Peut-on vous considérer comme un leader dans un groupe ?
« Je ne me qualifie pas ainsi. Je m’intéresse avant tout aux autres. Je dépasse mon rôle. J’essaie de me faire plaisir avec tout le monde. Après, je suis peut-être un leader naturel. Et quand tu portes le brassard de capitaine, c’est un honneur impressionnant, incroyable… C’est une reconnaissance ».

Pourquoi vous ne jouez pas beaucoup depuis votre arrivée aux Girondins ? (Jérémie a joué 54 minutes en championnat face au TFC et les deux rencontres de Ligue Europa)
« C’est un choix de l’entraîneur. C’est compliqué. Mais je savais qu’en venant ici il y avait de la concurrence et que je ne disputerais pas tous les matchs. La saison ne fait que commencer… »

Comment jugez-vous le début de saison de votre équipe ?
« Elle est irrégulière. On a fait quelques bons matchs et d’autres plus ternes… Une bonne mi-temps et une plus compliquée… Le club a des ambitions raisonnables pour cette saison. Il n’y a pas d’objectifs précis. Mais on doit terminer entre la 7ème et 8ème place du championnat. On a un effectif important. On tourne en Ligue Europa. Après, plus on joue et mieux on se sent quand on est footballeur ».
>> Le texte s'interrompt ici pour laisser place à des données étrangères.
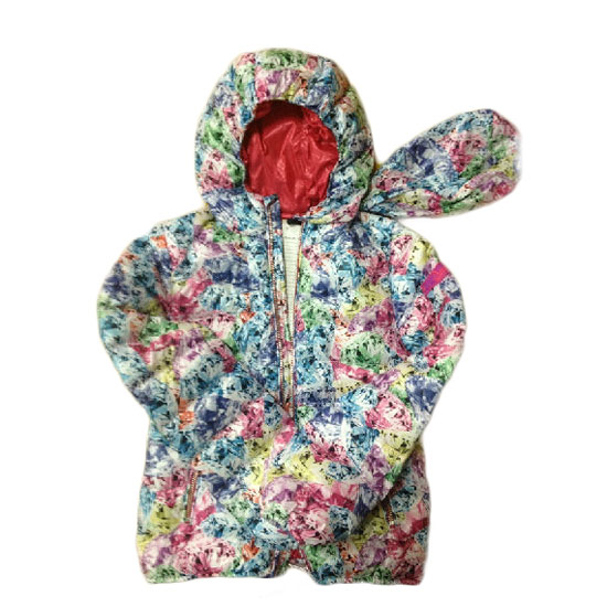 This is a kids' down coat with a colorful finish. The zipper front closure allows kids to throw it on with ease. It is made of top quality down to offer ultimate lightness and superb insulation.

Quel est votre regard sur l’OL ?
« Je trouve que les medias sont durs avec cette équipe. C’est compliqué de mettre autant de jeunes sur le terrain sans qu’ils aient complétement fini leur formation. C’est une période délicate. Mais l’OL n’est pas à sa place »
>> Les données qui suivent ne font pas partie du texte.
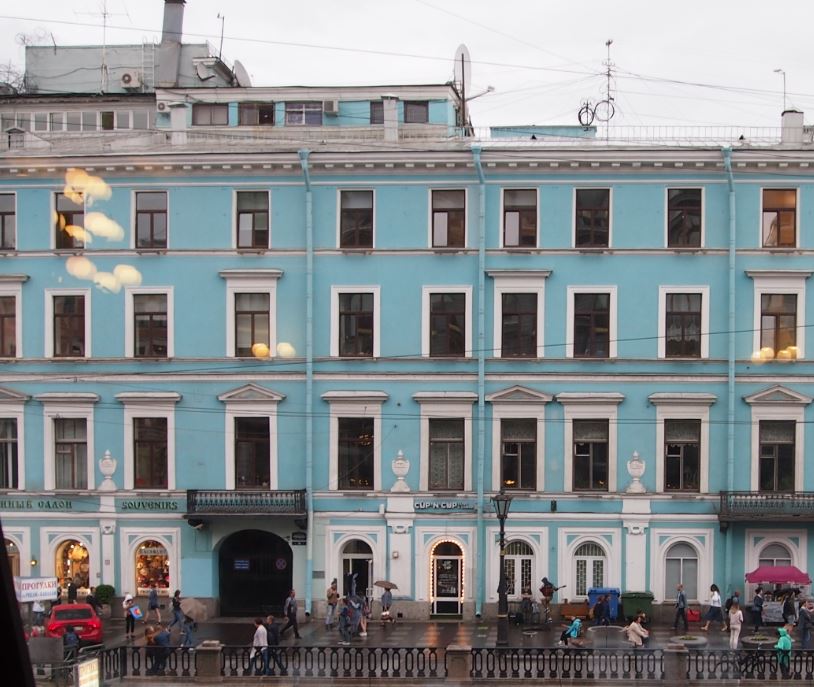 ネフスキープロスペクトとクリボエードフ運河の交わる場所にあるひときは可愛い薄いブルーの建物が日当たり側の看板 (Solnechnaya Storona)です。ネフスキー・プロスペクト側には地下鉄の出入口があり、運河沿いはカフェになっています。

A quel type de rencontre peut-on s’attendre dimanche soir ?
« Un match compliqué, fermé. Même si nous avons battu Sochaux 4 à 1, les deux équipes ont besoin de se rassurer… »

Est-ce toujours particulier de revenir à Gerland ?
« Je suis heureux de revenir sur mes terres. Mais, comme à chaque fois que je joue, j’ai toujours envie de gagner. Jouer ? On verra. J’ai eu une petite entorse lors du dernier match de Ligue Europa. J’ai profité de la trêve pour me soigner et j’ai repris l’entrainement en début de semaine… »

Avez-vous gardé des contacts avec votre club formateur ?
« Oui, notamment avec Abdel (Redissi)… ou encore Rémy (Vercoutre)... Je pense d’ailleurs que son retour peut faire le plus grand bien au groupe ».